SEA-TS: Self-Evolving Agent for Autonomous Code Generation of Time Series Forecasting Algorithms
Longkun Xu, Xiaochun Zhang, Qiantu Tuo, Rui Li

TL;DR
SEA-TS is an autonomous framework that iteratively generates, reviews, and optimizes time series forecasting algorithms, achieving significant accuracy improvements and discovering novel model architectures without manual intervention.
Contribution
The paper introduces SEA-TS, a novel self-evolving framework with innovative search, review, and knowledge transfer mechanisms for autonomous time series model development.
Findings
40% MAE reduction on Solar-Energy benchmark
8.6% WAPE reduction on solar PV forecasting
Discovered novel architectural patterns like physics-informed heads
Abstract
Accurate time series forecasting underpins decision-making across domains, yet conventional ML development suffers from data scarcity in new deployments, poor adaptability under distribution shift, and diminishing returns from manual iteration.
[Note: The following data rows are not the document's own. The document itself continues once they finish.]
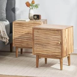 Add style and texture to your interior space with an eye-catching accessory set of innovative design. Featuring a rich mango wood structure for a one-of-a-kind design, our nightstand set brings a stunning bohemian look to your home, complemented by a beautifully carved texture and tapered legs. These handcrafted nightstands are the perfect companions to any living space with their one-door cabinet space for storing and organizing your clutter. Blending seamlessly with your existing decor, these accessories bring a perfect amount of stylish function and carefree aesthetics to your bedside.
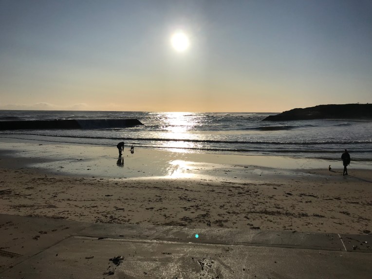 The man with his two dogs says it’s 4 degrees. I ask him, the air or the sea as we grin like school kids on an outing to the seaside.
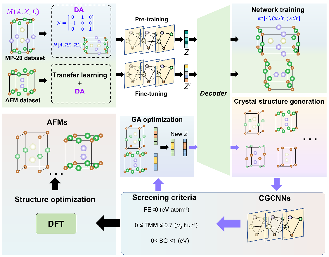 结构生成器(CDVAE-DA):一种晶体扩散变分自编码器,专为生成成分合理、结构稳定的晶体结构而设计。通过数据增强 和迁移学习,它学会了反铁磁材料的结构特征,生成成分的有效率高达90.68%。
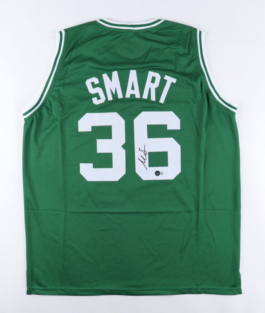 Custom on-field style jersey. Everything is sewn on, size XL. Hand-signed by Marcus Smart.The lot / autograph(s) includes an official Beckett Authentication Services serially-numbered hologram and for authenticity purposes.Authentication: Beckett Hologram
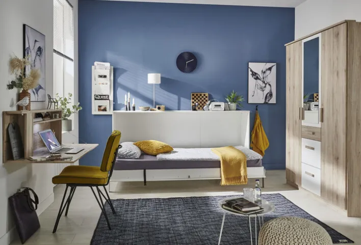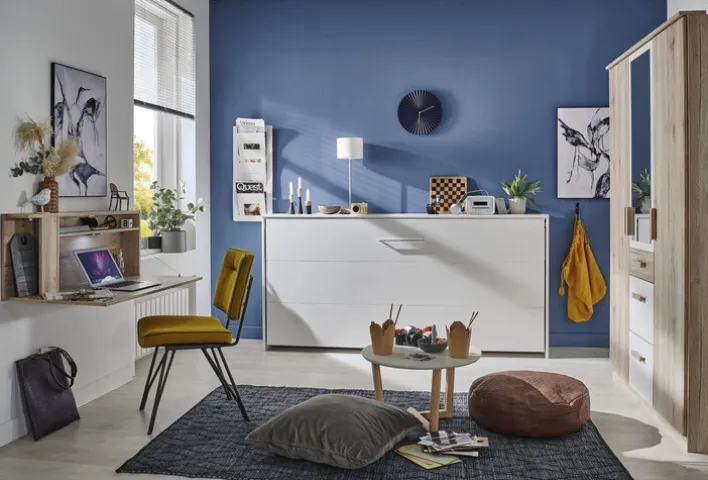 Das Wandklappbett STELLA mit einer Liegefläche von 90 x 200 cm ist eine platzsparende Lösung für kleine Jugend- oder Gästezimmer. Auch in 1-Zimmer-Appartements bewährt sich das Bett, das tagsüber in einem geschlossenen Aufbewahrungskasten verschwindet. Nach außen sichtbar bleibt eine dekorative weiße Front mit schmalem Griff.
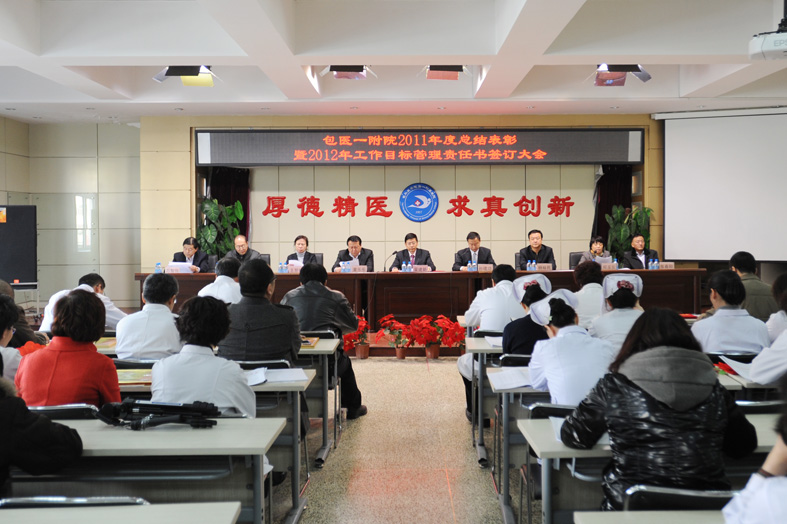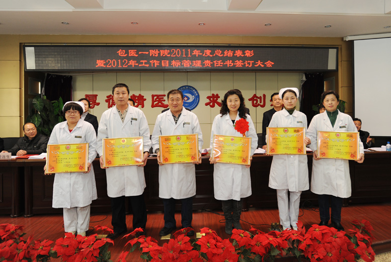 霍建新院长全面总结了2011年工作情况,并对2012年的目标任务、工作重点进行了安排部署。他在讲话中指出,在全院广大干部职工的共同努力下,医院圆满完成了2011年各项工作任务,医院晋升为全国文明单位,被评为2011年度医院改革创新奖,肾内科被评为全国青年文明号,院党委被内蒙古高校工委评为先进基层党组织,自体免疫学实验室被自治区科技厅评为重点实验室。肾脏内科学、神经外科学、风湿免疫病学、眼科学、血液内科学、中医内科学、蒙医骨伤学被评为包头市领先学科,骨外科学、产科学、麻醉学、介入放射学、神经内科学、皮肤与性病学、内分泌学、心血管内科学、消化内科学、临床传染病学被评为包头市重点学科。他要求,全院广大干部职工要以目标管理为抓手,以三甲医院评审为契机,深化医院改革,以病人为中心,以质量为核心,确保医疗安全,进一步加强医院文化建设,巩固全国文明单位成果,在上级党委和行政的正确领导下,锐意改革,奋发图强,为建设科学文明、人道和谐的现代化服务型医院而不懈努力,以优异的成绩向党的十八大胜利召开和医院建院55周年献上一份厚礼。
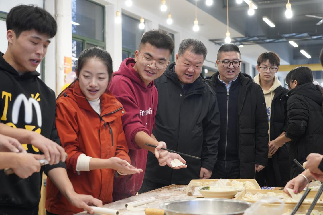 孙波亲切问候在场同学,“在这个温馨团聚的冬至时节,我代表学院全体教职工,向来自五湖四海、不同民族背景的同学们致以最诚挚的节日问候。希望每一位来自不同民族的同学都能在这里找到归属感,自信地展示自己民族的文化魅力,同时也积极吸收其他民族的优秀文化,共同成长,共同进步”。大家围坐在一起,品尝着亲手制作的美食,分享彼此的故事和祝福。
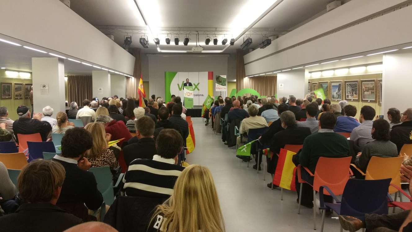 El auditorio del Centro Cívico del barrio «La Salud» de Badalona, Oficina Municipal de Distrito 4, ubicado en la Avenida del Marquesado de San Mori sin número, ha acogido esta tarde el primer mitin de campaña de VOX Barcelona, después de la pegada de carteles de VOX esta madrugada en el Monumento de El Tamborilero del Bruc.
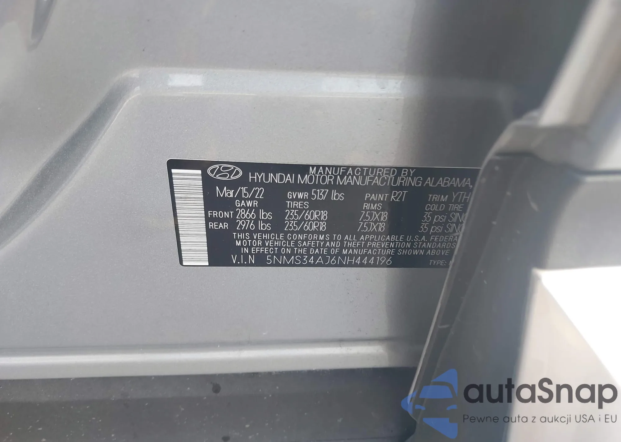 VIN: 5NMS34AJ6NH444196
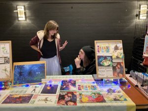Ondertussen helpt De Jong een meisje die geïnteresseerd is in het werk van haar en haar vriendin. De klant wijst naar een tekening van de prinsessen van Super Mario. Zij worden ontspannen afgebeeld hangend op de bank. “We hadden het nog onlangs over Peach en Daisy van Super Mario. Het leuke aan Daisy is dat ze wat stoerder is. Bij Peach denken mensen snel dat zij schattig, aardig en formeel is. Dan ga je een tennismatch met haar aan en is ze keihard bezig in te maken,” vertelt De Jong en kijkt naar haar medekraampjeshouder. Does is het met haar eens en knikt.
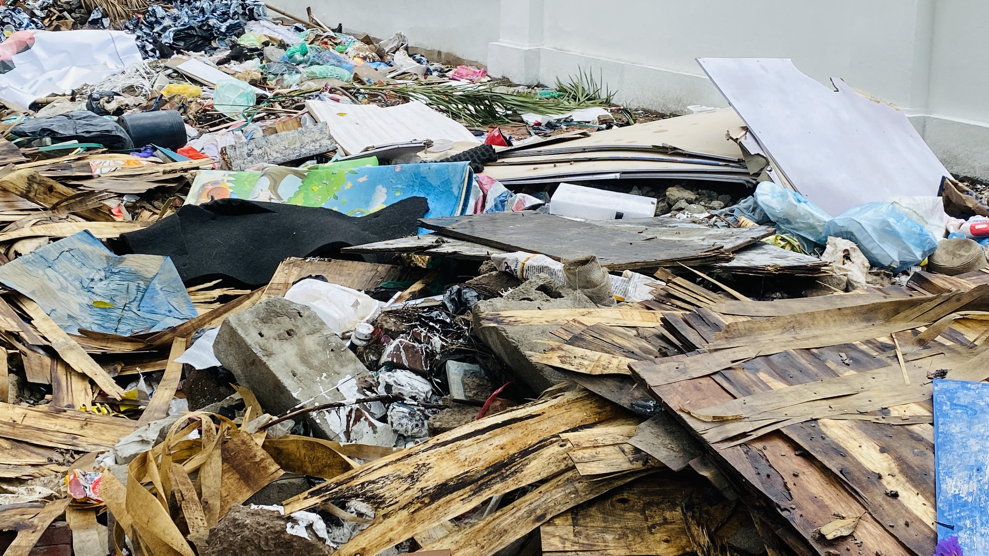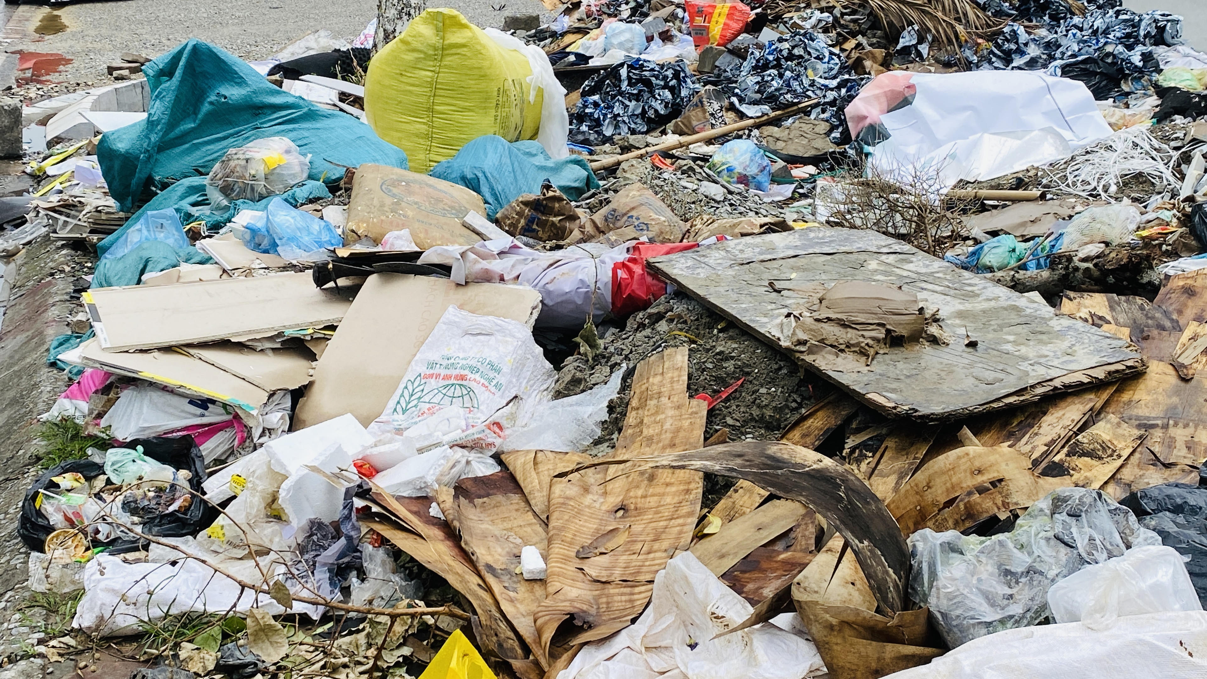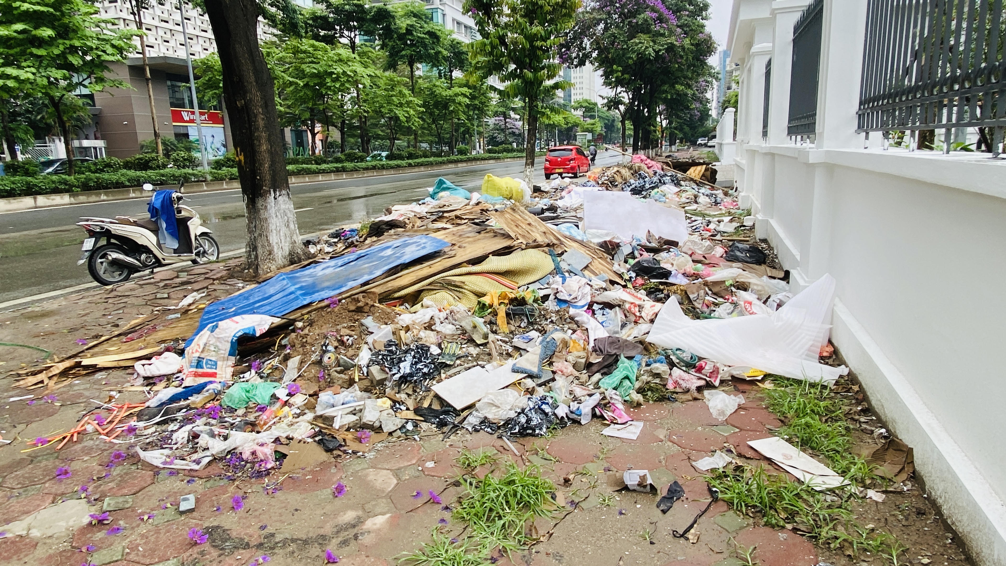 Phóng viên ghi nhận, tại đoạn đường này, rác cồng kềnh từ rác sinh hoạt đến phế thải xây dựng như: đất, đá, gạch vỡ... ngổn ngang trên vỉa hè. Đặc biệt, những loại rác thải nguy hiểm như mảnh kính vỡ, chiếu rách, vụn gỗ cũng được "tập kết" ở đây.
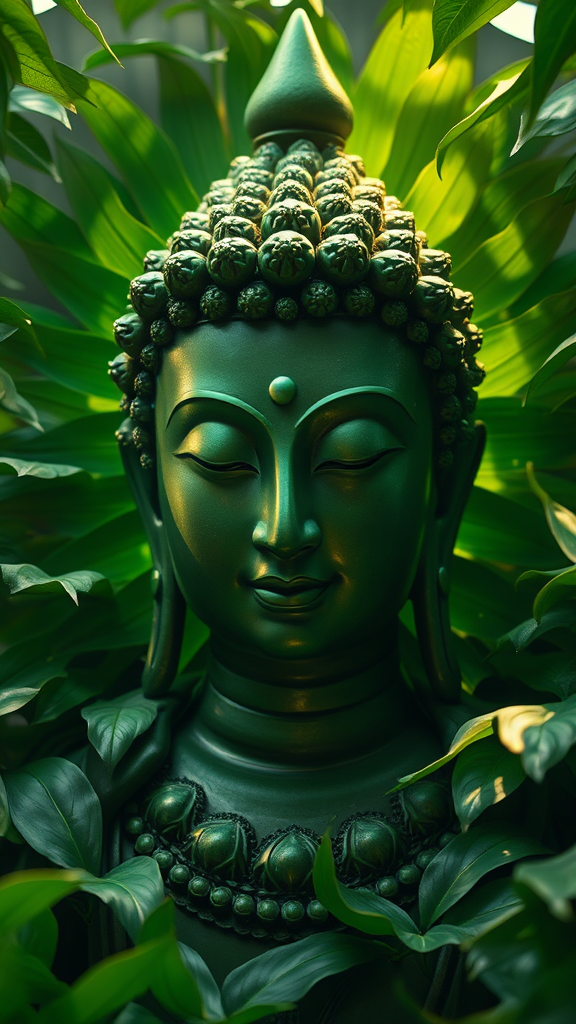 Buddha surrounded by a lush halo of verdant leaves, resembling ancient jade, embodies a deity of wisdom and vitality. The composition is strikingly central, with the face rendered in photorealistic detail, capturing the essence of life and sagacity. The scene is intricately detailed, utilizing the latest technology for artistic creation, with spectacular visual effects enhancing the atmospheric depth. The setting is steeped in the mystique of a Cambodian jungle temple, bathed in vibrant colors that pop against dramatic contrast, all presented in cinematic sharp focus. The piece resonates as a hyperrealistic masterpiece, drawing inspiration from the likes of Jeremy Mann and Greg Manchez, with echoes of Mijourney and Gregg Rutkowski's style infusing the art with complexity and elegance. Every element is thoughtfully designed to ensure a flawless anatomical portrayal, free of disfigured or mutated forms, offering a seamless blend of nature and divinity in a trend-worthy ArtStation concept.
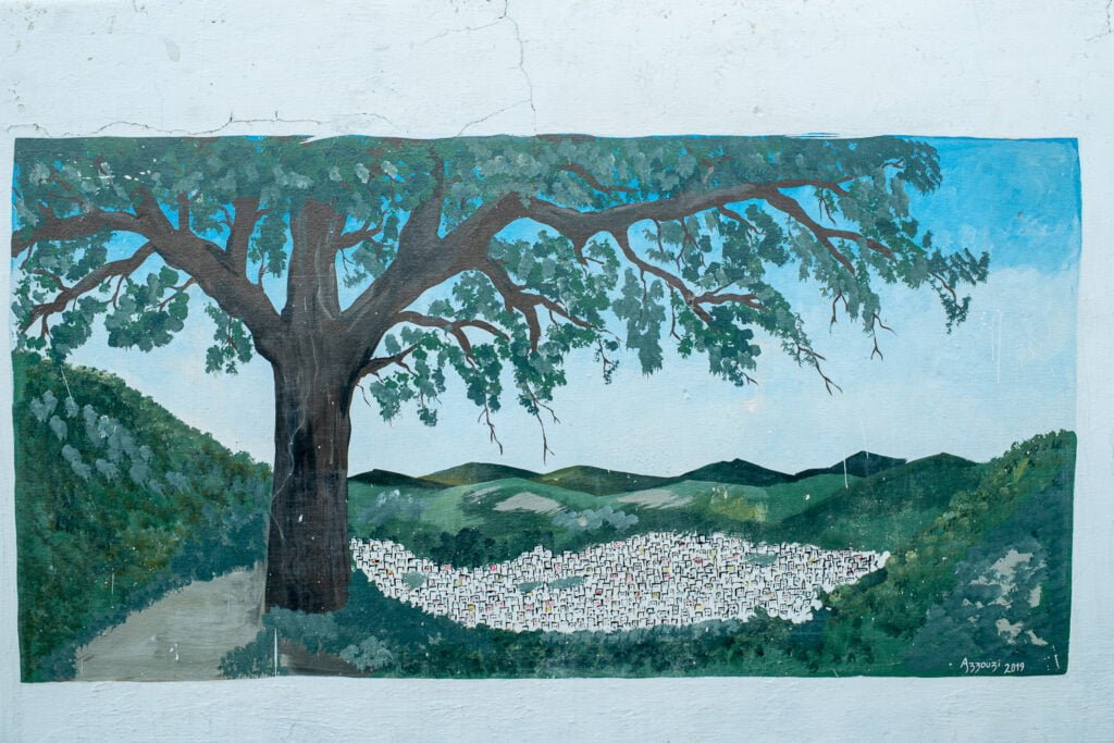 Ouezzane, some 50 miles south of Chefchaouen, is famous for its local olive productions, and the medina is painted green to both reflect that and also to reflect its spiritual, Sufi associations; green is the colour of paradise in the Quran. Many of its wall paintings depict large, sheltering olive trees above an African urban settlement.
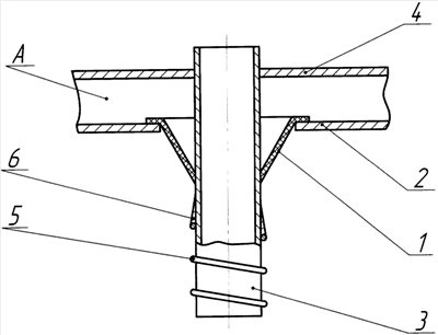 Контактирующая жидкая фаза поступает в полость А и конический распределитель 1. Равномерно распределяясь, жидкость, создает избыточное давление в полости А, тем самым вызывая деформацию свободно прилегающей к трубе 3 кромки эластичного распределителя 1. Образуется кольцевая щель, через которую выдавливается жидкость на поверхность трубы 3. Жидкость равномерно обтекает коническую вставку 6, спираль 5 и движется по наружной поверхности трубы 3, взаимодействуя с восходящим потоком пара (газа). Ширина щели, а следовательно, толщина и скорость выдавливаемой жидкости регулируется избыточным давлением, создаваемым внутри полости А, что способствует интенсификации тепломассообменного процесса. Для прекращения истечения жидкости необходимо снять избыточное давление жидкости, вследствие чего эластичный распределитель 1 под действием упругой деформации возвращается в первоначальное положение, щель перекрывается, и истечение прекращается. После прохождения рабочего объема контактирующие фазы выводятся из аппарата.
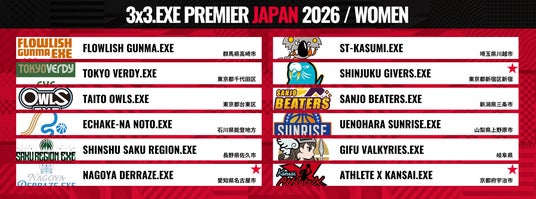 『3x3.EXE PREMIER 2026 JAPAN』の男子カテゴリーには、日本国内で5チーム、シンガポールから 初めて1 チームが参戦します。また、女子カテゴリーには3チームが新加盟し、昨シーズンの全9チームから全12チームに拡大いたしました。男女ともにより熾烈な戦いが予想される2026シーズンに、ぜひご注目ください。
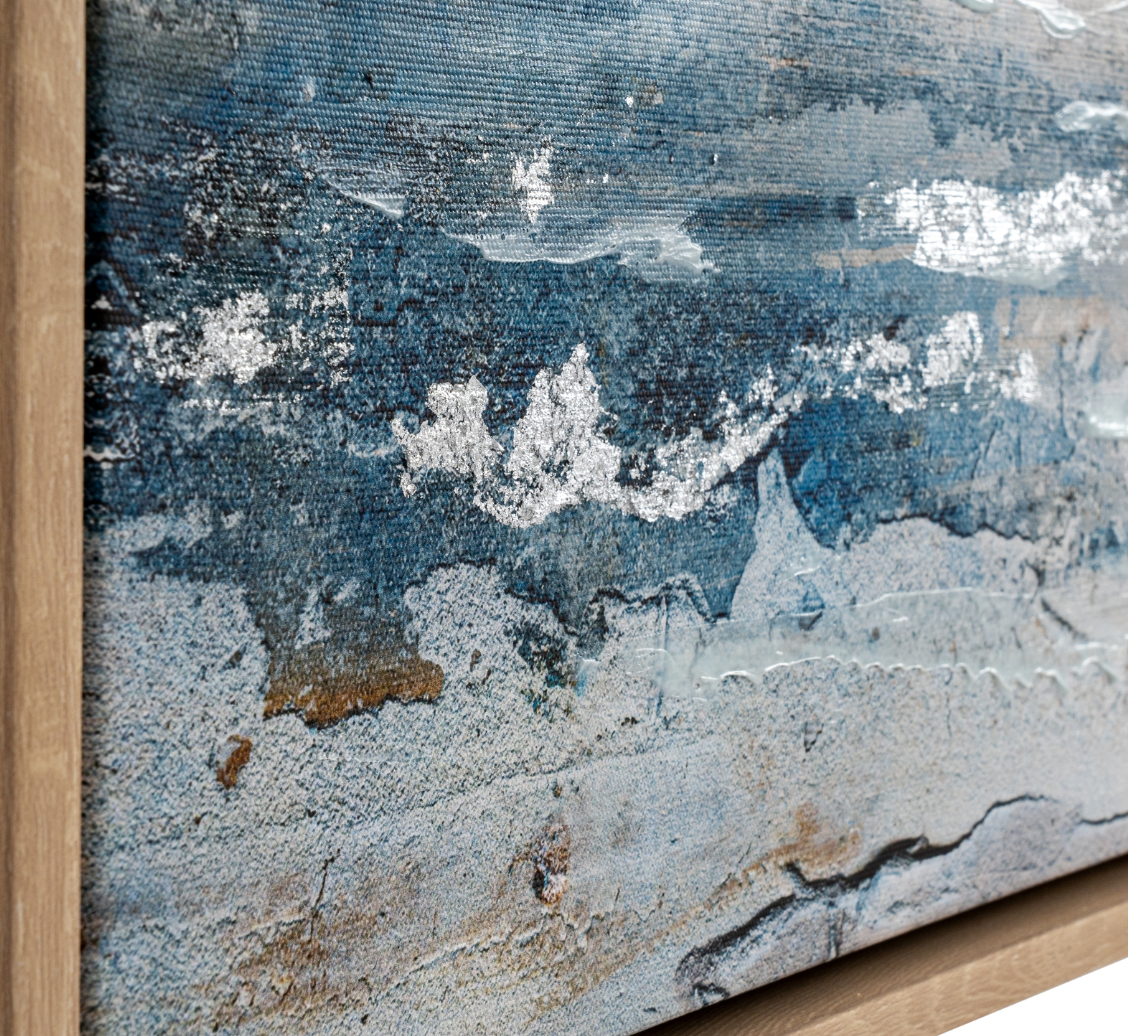 The Sutton Hand Painted Canvas captures the beauty of abstract movement through layered, tonal brushwork. Framed in natural wood, its sweeping strokes and muted hues evoke quiet sophistication, offering depth and texture to contemporary interiors. A true statement of artistic serenity.
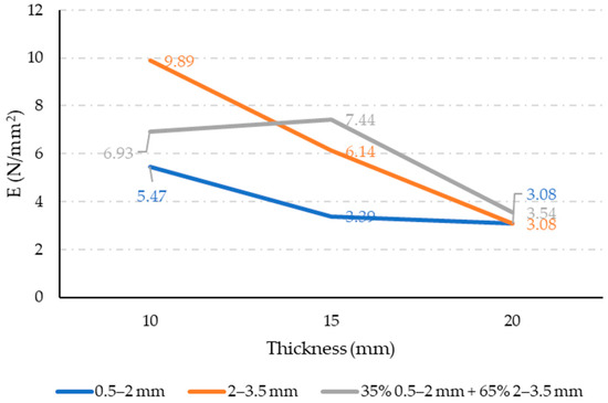 The σ–ε diagrams for the test specimens sawn out of each panel are shown in Figure 9, with the curve representing the average of three recorded measurements. The standard deviation was up to 20%. Based on the diagrams in Figure 9, the modulus of elasticity under tension was calculated within the deformation range of 0.05–0.25%, as specified by the standard “ISO 527-1:2019 Plastics—Determination of tensile properties—Part 1: General principles” [33]. The calculated modulus of elasticity results are shown in Figure 10. Presented results indicate high influence of both observed parameters: rubber grain size and panel thickness. The fine rubber particles resulted in high decrease in modulus of elasticity, indicating the higher deformability of such mixtures. This is in line with the result of increased porosity for such mixtures. On the other hand, for coarser grains, a significant influence of the panel thickness on the modulus of elasticity is observed. It indicates that for such a production method, the optimal panel thickness may be 15 mm. The combination of finer and coarser waste rubber grains exhibited the highest modulus of elasticity for a panel thickness of 15 mm, which is expected due to the effective interweaving of small and large granules, as seen in Figure 3c. Considering that the porosity results shown in Figure 8 do not suggest any reason for a reduced modulus of elasticity in the sample sawn out of a 10 mm thick panel made from a combination of fine and coarse rubber granules, the slightly lower obtained modulus of elasticity (6.93 N/mm2) in this sample can be attributed to a statistical error.

We propose Self-Evolving Agent for Time Series Algorithms (SEA-TS), a framework that autonomously generates, validates, and optimizes forecasting code via an iterative self-evolution loop. Our framework introduces three key innovations: (1) Metric-Advantage Monte Carlo Tree Search (MA-MCTS), which replaces fixed rewards with a normalized advantage score for discriminative search guidance; (2) Code Review with running prompt refinement, where each executed solution undergoes automated review followed by prompt updates that encode corrective patterns, preventing recurrence of similar errors; and (3) Global Steerable Reasoning, which compares each…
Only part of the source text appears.